Design of multibranched diketopyrrolopyrrole polyelectrolytes as versatile materials for efficient photocatalytic hydrogen evolution and organic solar cells

Abstract

Organic semiconductors are attracting increasing attention for both photocatalytic applications and organic solar cells (OSCs). However, achieving highly efficient photocatalytic hydrogen evolution and high power conversion efficiencies (PCEs) in OSCs remains a significant challenge. Herein, we synthesized a series of multibranched polyelectrolytes (MBPs), namely DTP, DTIP, and DTPTIP, by covalently attaching diketopyrrolopyrrole (DPP)-bearing soft alkyl chains to central triphenylamine or triazine cores. An interesting finding is that the synergistic integration of both triphenylamine and triazine cores within a single DPP-based architecture (DTPTIP) leads to a marked improvement in photovoltaic efficiency and photocatalytic activity.
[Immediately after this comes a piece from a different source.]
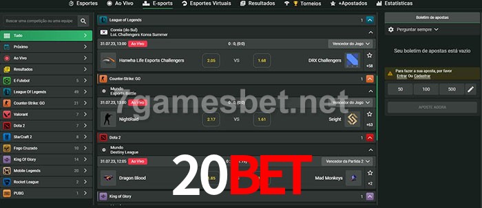O 20Bet oferece uma grande seleção de opções de apostas em e-sports com probabilidades competitivas

In comparison to linear polyelectrolytes, MBPs with quaternized functionalities exhibit enhanced hydrophilicity, greater dispersity, smaller contact angles, and reduced charge transport resistance. These properties collectively contribute to improved photocatalytic hydrogen evolution reaction (HER) activity. Among the three MBPs, DTPTIP showed superior performance, delivering a hydrogen production rate of 55.81 mmol g⁻¹ h⁻¹ outperforming DTIP (39.86 mmol g⁻¹ h⁻¹) and DTP (31.93 mmol g⁻¹ h⁻¹). In OSC systems, MBPs function as cathode interface layers (CILs), reducing the work function of the metal electrodes and facilitating electron transport, thereby improving the photovoltaic performance. Notably, DTPTIP achieved an impressive PCE of 16.78% in PM6:EH-HD4F-based OSC systems. Furthermore, DTPTIP demonstrated excellent thickness insensitivity; at a CIL thickness of 40 nm, the PCE stabilized at 15.52%, underscoring its feasibility for large-scale OSC fabrication. Overall, this study highlights the potential of MBPs, especially DTPTIP, as versatile materials for both high efficiency photocatalysis and next-generation OSCs.